**** Supplied data ****

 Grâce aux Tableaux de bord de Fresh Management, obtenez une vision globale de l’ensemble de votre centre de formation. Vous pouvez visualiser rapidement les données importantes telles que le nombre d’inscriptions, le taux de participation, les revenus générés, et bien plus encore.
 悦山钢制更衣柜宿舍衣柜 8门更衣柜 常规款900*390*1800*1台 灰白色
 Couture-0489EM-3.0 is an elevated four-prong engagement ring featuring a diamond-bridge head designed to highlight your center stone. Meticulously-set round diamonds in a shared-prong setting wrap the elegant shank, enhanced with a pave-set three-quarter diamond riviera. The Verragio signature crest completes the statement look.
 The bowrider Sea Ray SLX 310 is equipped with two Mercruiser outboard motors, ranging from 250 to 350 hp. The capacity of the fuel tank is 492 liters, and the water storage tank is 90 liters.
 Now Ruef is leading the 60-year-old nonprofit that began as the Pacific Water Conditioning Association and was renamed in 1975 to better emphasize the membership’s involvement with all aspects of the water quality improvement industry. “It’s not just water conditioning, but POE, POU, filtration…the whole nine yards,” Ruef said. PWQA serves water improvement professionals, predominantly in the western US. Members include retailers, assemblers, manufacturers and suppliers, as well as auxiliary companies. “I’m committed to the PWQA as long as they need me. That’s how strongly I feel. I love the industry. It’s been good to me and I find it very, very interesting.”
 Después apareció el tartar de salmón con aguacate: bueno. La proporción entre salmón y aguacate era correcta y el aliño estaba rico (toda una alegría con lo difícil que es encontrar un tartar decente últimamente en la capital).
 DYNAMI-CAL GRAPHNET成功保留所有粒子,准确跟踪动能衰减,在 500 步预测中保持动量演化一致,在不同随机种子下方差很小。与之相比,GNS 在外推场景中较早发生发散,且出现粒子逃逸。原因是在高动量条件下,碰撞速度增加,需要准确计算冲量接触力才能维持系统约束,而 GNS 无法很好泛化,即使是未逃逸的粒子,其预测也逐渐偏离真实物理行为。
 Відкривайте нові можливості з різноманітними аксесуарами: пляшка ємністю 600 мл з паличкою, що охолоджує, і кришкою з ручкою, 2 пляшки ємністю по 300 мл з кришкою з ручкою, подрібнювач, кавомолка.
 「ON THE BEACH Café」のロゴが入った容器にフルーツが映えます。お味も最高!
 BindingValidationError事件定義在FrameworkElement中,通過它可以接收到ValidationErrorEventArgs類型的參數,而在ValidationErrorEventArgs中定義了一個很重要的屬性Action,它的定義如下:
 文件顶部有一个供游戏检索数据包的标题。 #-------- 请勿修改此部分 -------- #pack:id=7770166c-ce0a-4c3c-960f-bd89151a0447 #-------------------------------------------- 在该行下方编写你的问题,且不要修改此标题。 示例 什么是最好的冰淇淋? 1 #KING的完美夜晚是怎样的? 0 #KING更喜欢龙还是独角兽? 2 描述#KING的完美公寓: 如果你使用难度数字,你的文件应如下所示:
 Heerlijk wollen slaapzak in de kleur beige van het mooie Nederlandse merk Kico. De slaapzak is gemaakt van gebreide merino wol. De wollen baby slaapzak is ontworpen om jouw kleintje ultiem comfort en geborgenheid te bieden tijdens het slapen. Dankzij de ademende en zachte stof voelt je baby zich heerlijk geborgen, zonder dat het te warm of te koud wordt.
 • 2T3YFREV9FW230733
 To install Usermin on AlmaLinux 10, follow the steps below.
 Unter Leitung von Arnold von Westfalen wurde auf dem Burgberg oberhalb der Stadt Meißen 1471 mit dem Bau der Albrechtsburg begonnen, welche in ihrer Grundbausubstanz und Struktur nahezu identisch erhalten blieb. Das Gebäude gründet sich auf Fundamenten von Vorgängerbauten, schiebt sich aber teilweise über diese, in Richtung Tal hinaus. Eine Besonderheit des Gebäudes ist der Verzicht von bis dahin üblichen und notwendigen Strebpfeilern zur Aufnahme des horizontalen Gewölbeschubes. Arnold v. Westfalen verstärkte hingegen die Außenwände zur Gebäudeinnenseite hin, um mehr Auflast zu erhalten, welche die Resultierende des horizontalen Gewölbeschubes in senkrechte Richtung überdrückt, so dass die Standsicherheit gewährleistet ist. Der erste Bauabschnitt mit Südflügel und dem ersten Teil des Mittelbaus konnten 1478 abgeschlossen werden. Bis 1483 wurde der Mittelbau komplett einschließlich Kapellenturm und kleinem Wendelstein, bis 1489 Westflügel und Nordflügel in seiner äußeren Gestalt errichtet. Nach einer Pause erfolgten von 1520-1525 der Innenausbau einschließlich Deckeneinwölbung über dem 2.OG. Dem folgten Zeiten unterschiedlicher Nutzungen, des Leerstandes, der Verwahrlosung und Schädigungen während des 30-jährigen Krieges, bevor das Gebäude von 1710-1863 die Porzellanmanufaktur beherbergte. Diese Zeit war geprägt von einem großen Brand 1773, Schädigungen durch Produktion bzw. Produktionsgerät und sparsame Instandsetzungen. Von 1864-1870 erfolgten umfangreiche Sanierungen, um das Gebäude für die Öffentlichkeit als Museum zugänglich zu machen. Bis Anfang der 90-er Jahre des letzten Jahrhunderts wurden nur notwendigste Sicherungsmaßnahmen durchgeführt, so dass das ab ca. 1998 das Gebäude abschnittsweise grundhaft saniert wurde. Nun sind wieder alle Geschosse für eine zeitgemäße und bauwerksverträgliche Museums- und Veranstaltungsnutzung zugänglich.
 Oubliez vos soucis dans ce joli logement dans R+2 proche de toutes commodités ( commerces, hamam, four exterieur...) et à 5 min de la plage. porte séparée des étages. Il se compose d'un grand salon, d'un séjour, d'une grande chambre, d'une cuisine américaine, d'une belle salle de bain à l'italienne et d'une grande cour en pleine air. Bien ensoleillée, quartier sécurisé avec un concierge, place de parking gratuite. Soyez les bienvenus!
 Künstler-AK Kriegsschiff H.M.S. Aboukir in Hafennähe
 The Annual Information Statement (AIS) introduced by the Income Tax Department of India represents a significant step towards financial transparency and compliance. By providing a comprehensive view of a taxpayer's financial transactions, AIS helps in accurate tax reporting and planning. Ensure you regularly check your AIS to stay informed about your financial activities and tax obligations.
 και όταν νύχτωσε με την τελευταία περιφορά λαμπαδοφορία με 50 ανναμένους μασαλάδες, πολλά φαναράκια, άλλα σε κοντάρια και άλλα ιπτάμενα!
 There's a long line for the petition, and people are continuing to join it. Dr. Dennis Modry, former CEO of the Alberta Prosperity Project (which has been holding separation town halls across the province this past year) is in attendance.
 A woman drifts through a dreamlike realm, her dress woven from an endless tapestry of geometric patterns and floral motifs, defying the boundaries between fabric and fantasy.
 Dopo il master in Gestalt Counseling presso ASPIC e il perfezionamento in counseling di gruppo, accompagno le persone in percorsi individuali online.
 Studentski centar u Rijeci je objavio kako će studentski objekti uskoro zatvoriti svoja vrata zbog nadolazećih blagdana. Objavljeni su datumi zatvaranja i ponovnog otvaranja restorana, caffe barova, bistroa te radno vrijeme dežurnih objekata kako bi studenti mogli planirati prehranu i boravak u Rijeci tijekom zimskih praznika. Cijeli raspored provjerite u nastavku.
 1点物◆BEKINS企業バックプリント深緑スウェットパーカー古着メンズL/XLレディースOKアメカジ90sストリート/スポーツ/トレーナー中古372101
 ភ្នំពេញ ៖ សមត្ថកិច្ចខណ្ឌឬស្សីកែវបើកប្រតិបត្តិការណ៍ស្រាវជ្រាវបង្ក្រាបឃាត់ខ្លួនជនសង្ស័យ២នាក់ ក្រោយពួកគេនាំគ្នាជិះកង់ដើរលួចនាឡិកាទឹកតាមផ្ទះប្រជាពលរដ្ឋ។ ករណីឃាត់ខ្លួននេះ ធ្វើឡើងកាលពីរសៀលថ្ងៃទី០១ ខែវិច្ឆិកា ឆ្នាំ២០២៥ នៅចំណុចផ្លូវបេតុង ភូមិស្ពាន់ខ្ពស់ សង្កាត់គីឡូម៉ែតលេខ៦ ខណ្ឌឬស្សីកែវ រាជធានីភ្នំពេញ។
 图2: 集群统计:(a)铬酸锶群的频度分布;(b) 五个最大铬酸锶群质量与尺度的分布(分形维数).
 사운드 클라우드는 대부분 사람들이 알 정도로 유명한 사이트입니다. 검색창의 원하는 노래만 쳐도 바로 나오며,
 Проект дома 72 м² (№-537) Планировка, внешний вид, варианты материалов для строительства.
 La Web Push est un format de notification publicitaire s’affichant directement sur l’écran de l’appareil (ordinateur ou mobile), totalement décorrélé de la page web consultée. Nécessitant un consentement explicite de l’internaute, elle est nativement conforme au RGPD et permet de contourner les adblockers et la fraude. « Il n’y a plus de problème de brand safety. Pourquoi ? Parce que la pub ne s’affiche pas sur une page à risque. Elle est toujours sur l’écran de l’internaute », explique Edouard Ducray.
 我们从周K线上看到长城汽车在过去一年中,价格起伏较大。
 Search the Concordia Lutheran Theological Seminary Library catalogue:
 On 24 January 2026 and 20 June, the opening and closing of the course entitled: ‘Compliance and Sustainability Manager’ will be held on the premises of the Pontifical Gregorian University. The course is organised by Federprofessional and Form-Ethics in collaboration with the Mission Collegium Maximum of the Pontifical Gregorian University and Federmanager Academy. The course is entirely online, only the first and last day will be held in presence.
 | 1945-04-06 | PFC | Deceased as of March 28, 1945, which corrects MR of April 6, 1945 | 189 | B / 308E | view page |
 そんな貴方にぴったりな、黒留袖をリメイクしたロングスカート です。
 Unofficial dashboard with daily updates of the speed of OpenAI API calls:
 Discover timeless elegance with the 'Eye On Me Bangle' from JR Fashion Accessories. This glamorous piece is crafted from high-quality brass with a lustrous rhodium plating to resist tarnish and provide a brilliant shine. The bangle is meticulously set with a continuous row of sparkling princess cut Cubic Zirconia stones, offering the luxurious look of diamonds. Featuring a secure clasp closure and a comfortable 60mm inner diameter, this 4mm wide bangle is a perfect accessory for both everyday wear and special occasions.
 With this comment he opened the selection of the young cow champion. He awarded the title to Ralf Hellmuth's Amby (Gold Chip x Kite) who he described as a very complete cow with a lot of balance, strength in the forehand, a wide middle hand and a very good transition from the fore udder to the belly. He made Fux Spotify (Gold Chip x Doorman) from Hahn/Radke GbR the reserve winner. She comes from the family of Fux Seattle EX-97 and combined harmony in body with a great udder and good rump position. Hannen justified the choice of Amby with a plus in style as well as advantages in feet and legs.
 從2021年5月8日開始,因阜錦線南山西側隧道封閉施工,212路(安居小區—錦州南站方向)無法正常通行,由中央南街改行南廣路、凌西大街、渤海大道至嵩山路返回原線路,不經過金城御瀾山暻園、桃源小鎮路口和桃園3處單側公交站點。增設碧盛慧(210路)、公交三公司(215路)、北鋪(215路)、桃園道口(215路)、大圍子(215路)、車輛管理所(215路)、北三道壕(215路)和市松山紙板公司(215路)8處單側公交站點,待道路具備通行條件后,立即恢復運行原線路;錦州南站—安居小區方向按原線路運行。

****

▶ **Problem statement**
The lines above, starting at the one with "文件顶部有一个供游戏检索数据包的标题。 #-------- 请勿修改此部分" and ending at the one with "To install Usermin", are the only ones to return, exactly as written.

▶ **Reply to the exercise**
 文件顶部有一个供游戏检索数据包的标题。 #-------- 请勿修改此部分 -------- #pack:id=7770166c-ce0a-4c3c-960f-bd89151a0447 #-------------------------------------------- 在该行下方编写你的问题,且不要修改此标题。 示例 什么是最好的冰淇淋? 1 #KING的完美夜晚是怎样的? 0 #KING更喜欢龙还是独角兽? 2 描述#KING的完美公寓: 如果你使用难度数字,你的文件应如下所示:
 Heerlijk wollen slaapzak in de kleur beige van het mooie Nederlandse merk Kico. De slaapzak is gemaakt van gebreide merino wol. De wollen baby slaapzak is ontworpen om jouw kleintje ultiem comfort en geborgenheid te bieden tijdens het slapen. Dankzij de ademende en zachte stof voelt je baby zich heerlijk geborgen, zonder dat het te warm of te koud wordt.
 • 2T3YFREV9FW230733
 To install Usermin on AlmaLinux 10, follow the steps below.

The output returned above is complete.